Source code for maxent_grpo.training.rollout.local

"""Local HF generation helpers split from the vLLM adapter."""

from __future__ import annotations
# pylint: disable=broad-exception-caught

from contextlib import nullcontext
import logging
import os
from typing import Any, List, Optional, Tuple, TYPE_CHECKING, cast

from maxent_grpo.training.generation.vocab_guard import resolve_blocked_token_ids
from maxent_grpo.training.runtime import require_torch, require_transformer_base_classes
from maxent_grpo.training.runtime.prompts import PROMPT_CHAR_LIMIT, _truncate_prompt

from .context import GenerationContext

LOG = logging.getLogger(__name__)

torch = require_torch("generation")
try:
    PreTrainedModel, PreTrainedTokenizer = require_transformer_base_classes(
        "generation"
    )
except (
    ImportError,
    RuntimeError,
    ModuleNotFoundError,
):  # pragma: no cover - stub fallback
    PreTrainedModel = Any
    PreTrainedTokenizer = Any

if TYPE_CHECKING:
    import torch as torch_types
    from transformers.tokenization_utils import (
        PreTrainedTokenizer as PreTrainedTokenizerType,
    )

    Tensor = torch_types.Tensor
else:
    PreTrainedTokenizerType = Any
    Tensor = Any


def _env_flag(name: str, default: bool = False) -> bool:
    value = os.getenv(name)
    if value is None:
        return default
    return value.strip().lower() in {"1", "true", "yes", "y", "on"}



[docs]
class LocalGenerationMixin:
    """Handle prompt expansion, tokenization, and local HF sampling."""

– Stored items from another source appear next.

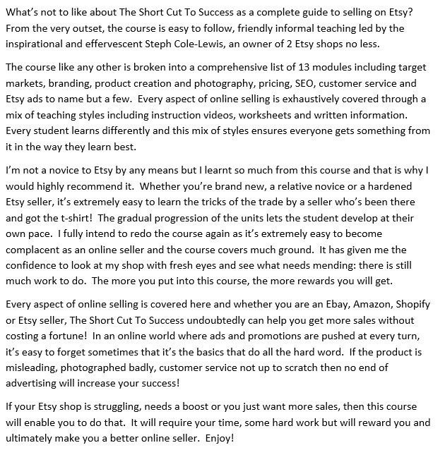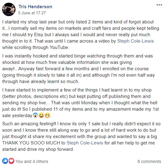 Woo hoo!! Just joined the course and first Etsy sale under her belt!!
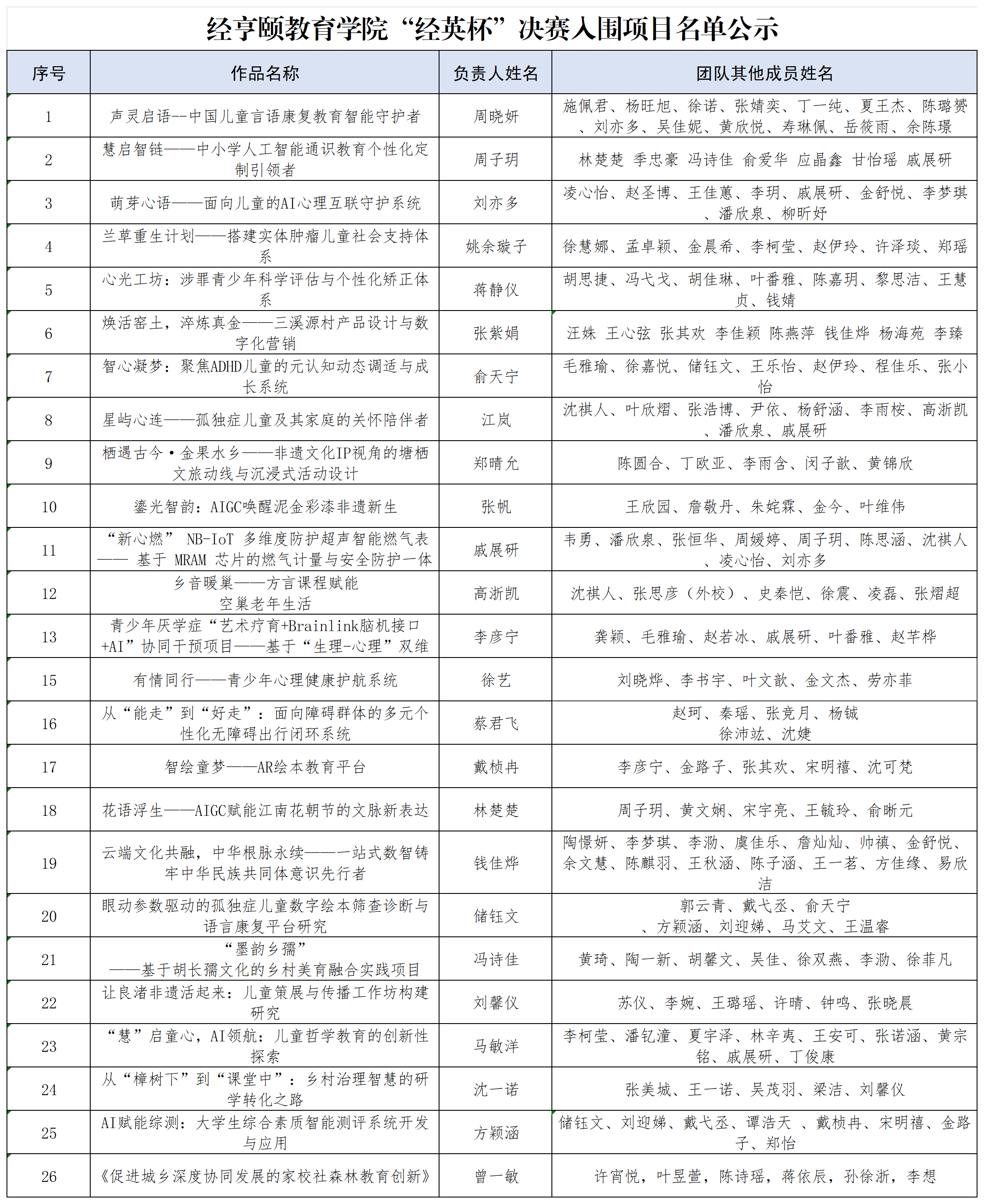 经前期申报桃花族论坛 2025年“经英杯”暨“创新大赛”“挑战杯(希望杯)”竞赛共收到44件作品,经专家评审、学院汇总,最终选出25件作品入围学院决赛,现将入围名单公布如下。
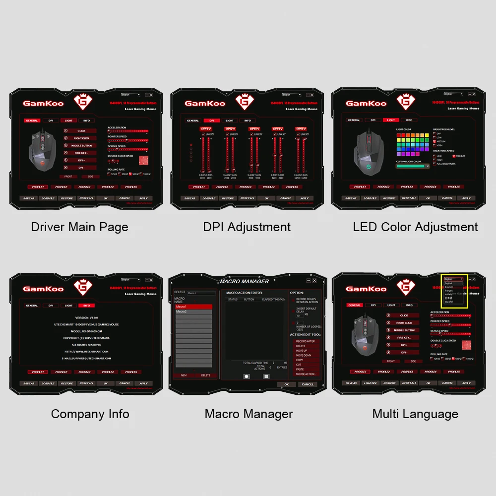 2,18 программируемых кнопок, 5 сохраняемых профилей памяти, каждый из которых имеет четкий светильник для быстрой идентификации, набор для настройки веса из 8 частей (2,4 г x8) и более 16 миллионов светодиодный вариантов цвета. Светодиодный, возможно, светодиодный, согласно вашим предпочтениям.
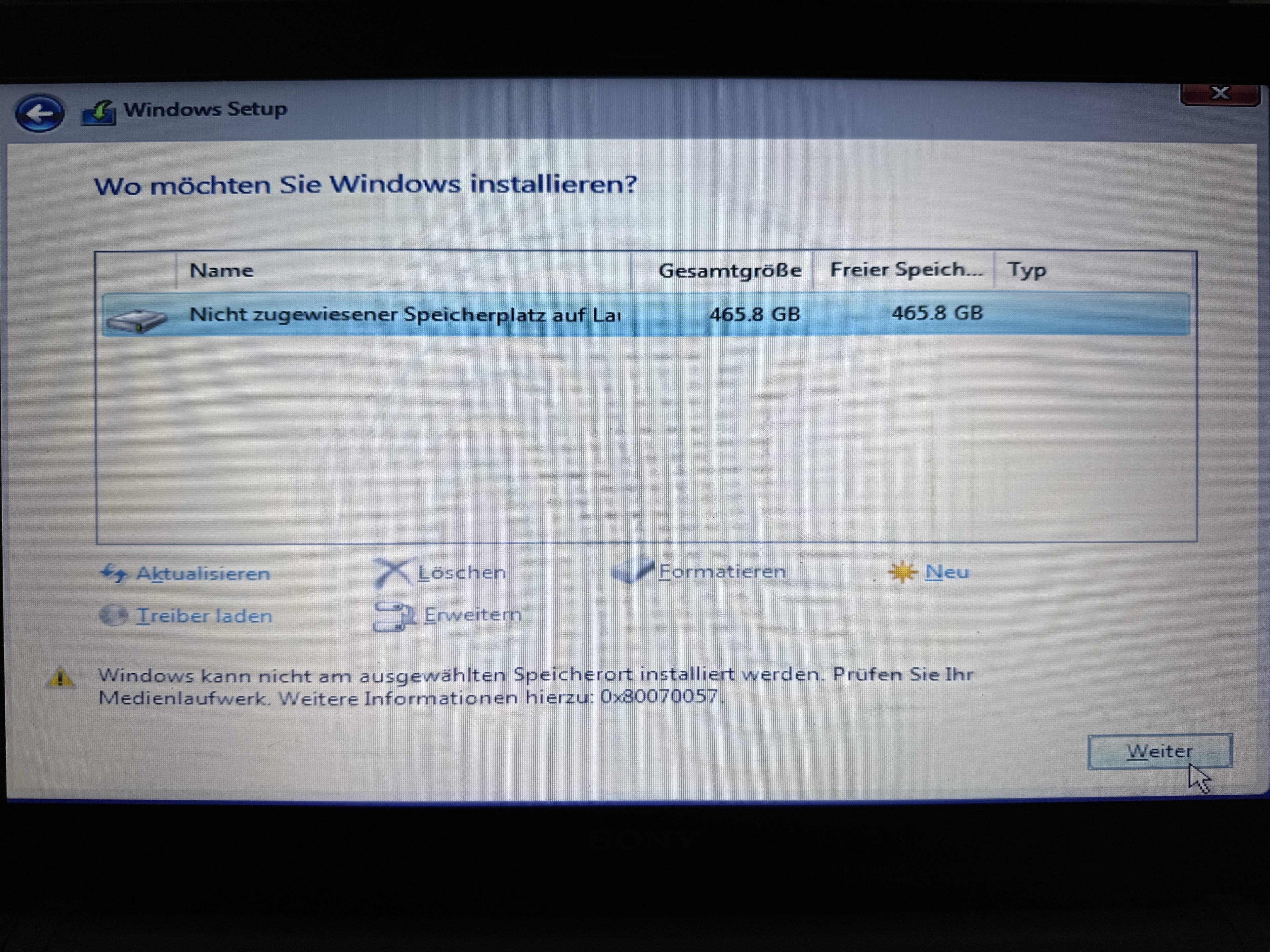 Ich habe alles probiert, aber es ist nicht möglich, Win 10 zu installieren, da keine Partiton erstellt werden kann.

    ctx: GenerationContext

    def __init__(self, ctx: GenerationContext) -> None:
        self.ctx = ctx


[docs]
    def describe(self) -> dict[str, Any]:
        """Expose the underlying generation configuration for logging."""
        return self.ctx.as_dict()


    def _prompt_char_limit(self) -> int:
        """Return the token limit applied to prompts for vLLM/local calls."""
        try:
            helpers_mod = __import__(
                "maxent_grpo.training.rollout.helpers",
                fromlist=["PROMPT_CHAR_LIMIT"],
            )
            limit_base = getattr(helpers_mod, "PROMPT_CHAR_LIMIT", PROMPT_CHAR_LIMIT)
        except ImportError:
            limit_base = PROMPT_CHAR_LIMIT
        limit_env = int(limit_base) if isinstance(limit_base, int) else 0
        approx_limit = (
            int(self.ctx.max_prompt_len) * 4
            if self.ctx.max_prompt_len and self.ctx.max_prompt_len > 0
            else 0
        )
        if limit_env <= 0 and approx_limit <= 0:
            return 0
        if limit_env <= 0:
            return approx_limit
        if approx_limit <= 0:
            return limit_env
        return max(limit_env, approx_limit)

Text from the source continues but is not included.